When he awoke, at 7 a.m., he thought he might perhaps have dreamed of a choir of beautiful women singing Elizabethan madrigals. But it was all a bit vague in his mind; about as vague as exactly what, as a principle, 'Werner Karl Heisenberg (1901-76)' had had in mind.
chapter sixty-five
How strange are the tricks of memory, which, often hazy as a dream about the most important events, religiously preserve the merest trifles
(Sir Richard Burton,
Sind Revisited]
'You appreciate therefore, Lewis' – the two of them stood on the scene of Daley's murder the following morning – 'the paramount importance of leaving everything exactly as it was here.'
'But we've had everybody trampling all over the place.'
Morse beamed. 'Ah, but we've got this, haven't we?' He patted the roof of the Blenheim Estate van affectionately.
'Unless one of the lads's been sitting in there having a smoke.'
'If he has, I'll sever his scrotum!'
'By the way, did you have a word with Dixon this morning?'
'Dixon? What the 'ell's Dixon got to do with anything?'
'Nothing,' murmured Lewis, as he turned away to have a final word with the two men standing by the recovery truck.
'Without getting inside at all, you say?' asked the elder of the two.
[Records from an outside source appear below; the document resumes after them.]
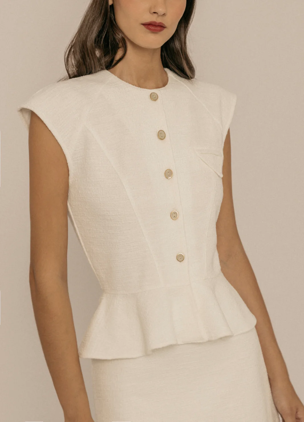 Top entallado tipo peplum con bajo asimétrico, confeccionado en tejido de tweed. Con manga raglán corta y corte en la cintura, este top presenta una abertura central en el delantero con cierre de botones de nácar con acabado dorado. Cuenta con un elegante detalle de tapeta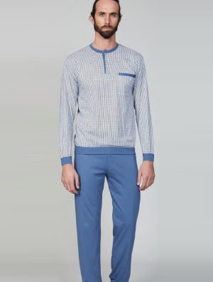 Pigiama calibrato realizzato in cotone pettinato, a fantasia per la maglia con scollo serafino a tre bottoni ed unito per il pantalone con polsiniComposizione 100% cotone
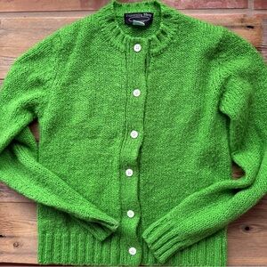 1960’s cozy and stylish with this vibrant green button-up sweater. Perfect for layering and adding a pop of color to your wardrobe. By University Shop New Haven. Size M. Fits More like a size small.

'That's what the chief inspector wants, yes.'
'We can't do it without
touching
the bloody thing though, can we, Charlie?'
Morse himself was standing beside the van, deep in thought, it seemed. Then he walked slowly round it, peering with apparently earnest attention at the ground. But the soil was rock-hard there, after weeks of cloudless weather, and after a little while he lost interest and walked back to the police car.
'That's enough here, Lewis. Let's get over to the lodge: it's time we had another word with Mr Williams.'
As before, Williams' evidence, in specific terms, was perhaps unsatisfactory; but, in general outline, it did serve to establish a working framework for the murder – the only one really the police had. Certainly the crucial point – that Daley had driven through
Combe Lodge Gate on the morning of his murder – could be pretty confidently re-affirmed. There had been a good deal of to-ing and fro-ing of two blue tractors, with their trailers, that morning, each of them making three trips from the saw-mill down to the area near the Grand Bridge to load up with recently felled timber. Williams had checked up (he said) with the drivers, and the ferrying had not begun until about 9.45 a.m., or a little later perhaps; and if there was one thing he could feel reasonably confident about it was the fact that Daley had come through the gate at the same time as one of the tractors – because although the gate was opened quite frequently that morning, it had not been
specifically
opened (Williams was
almost
sure) for the estate van. He did remember the van though – quite definite he was about that. He hadn't known Daley well; spoken to him a few times of course, and Daley had often come through the lodge, to and from the sawmill. Usually, between those working at Blenheim, there would be a hand raised in acknowledgement or greeting. And there was another thing: Daley almost always wore his hat, even in the summer; and, yes, Daley had been wearing his hat that Monday-morning.